Oakland County Clerk/Register of Deeds
- In office January 1, 2011 – December 31, 2012
- Preceded by: Ruth Johnson
- Succeeded by: Lisa Brown

Member of the Oakland County Board of Commissioners from the 2nd District
- In office January 1, 2003 – January 1, 2011
- Succeeded by: Robert Hoffman

Member of the Michigan Senate from the 15th district
- In office June 6, 1996 – December 31, 2002
- Preceded by: Dave Honigman
- Succeeded by: Nancy Cassis

Member of the Michigan House of Representatives
- In office January 1, 1983 – June 6, 1996
- Preceded by: Claude Trim
- Succeeded by: Nancy Cassis
- Constituency: 60th district (1983–1992) 38th district (1993–1996)

Personal details
- Born: July 12, 1943 Detroit, Michigan, U.S.
- Died: December 18, 2020 (aged 77) Commerce Township, Michigan, U.S.
- Party: Republican
- Education: Detroit College of Law (J.D.) University of Michigan (B.A.)

= Bill Bullard Jr. =

American politician (1943–2020)

Bill Bullard Jr. (July 12, 1943 – December 18, 2020) was an American politician. He was a Republican member of both houses of the Michigan Legislature and local official in Oakland County.

==Biography==
Bullard earned his bachelor's degree from the University of Michigan and Juris Doctor degree from the Detroit College of Law. He served in elected office in Highland Township from 1978 through 1982, and was elected to the state House in 1982. In 1994, Bullard was elected to the state Senate in a special election in June.

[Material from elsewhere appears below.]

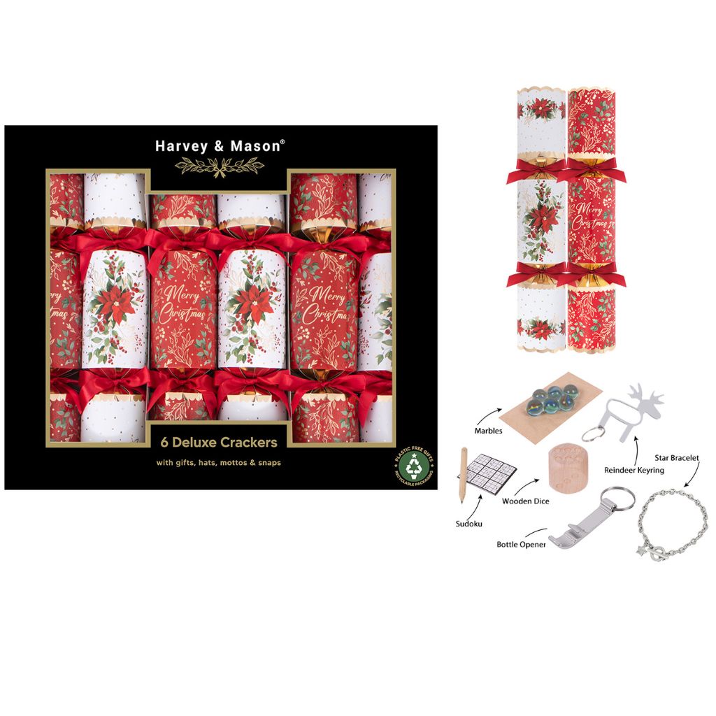 This box of six deluxe crackers is a traditional choice that will sit perfectly in a festive Christmas display, featuring a poinsettia design on a red or white base, shiny gold hotstamp and finished with red satin ribbon. Cracker contents include a hat, joke, snap and a special prize of a bracelet, su-doku puzzle, marbles, bottle opener, dice or key ring.

After leaving the Legislature, Bullard was elected to the Oakland County Board of Commissioners, where he served four terms, including six years as chairman, before being selected to succeed Ruth Johnson as county clerk/register of deeds when Johnson was elected Michigan Secretary of State. Bullard was defeated for re-election to a full term in 2012 by Lisa Brown.

Bullard died from complications of cancer and COVID-19 at Huron Valley-Sinai Hospital on December 18, 2020, aged 77, during the COVID-19 pandemic in Michigan.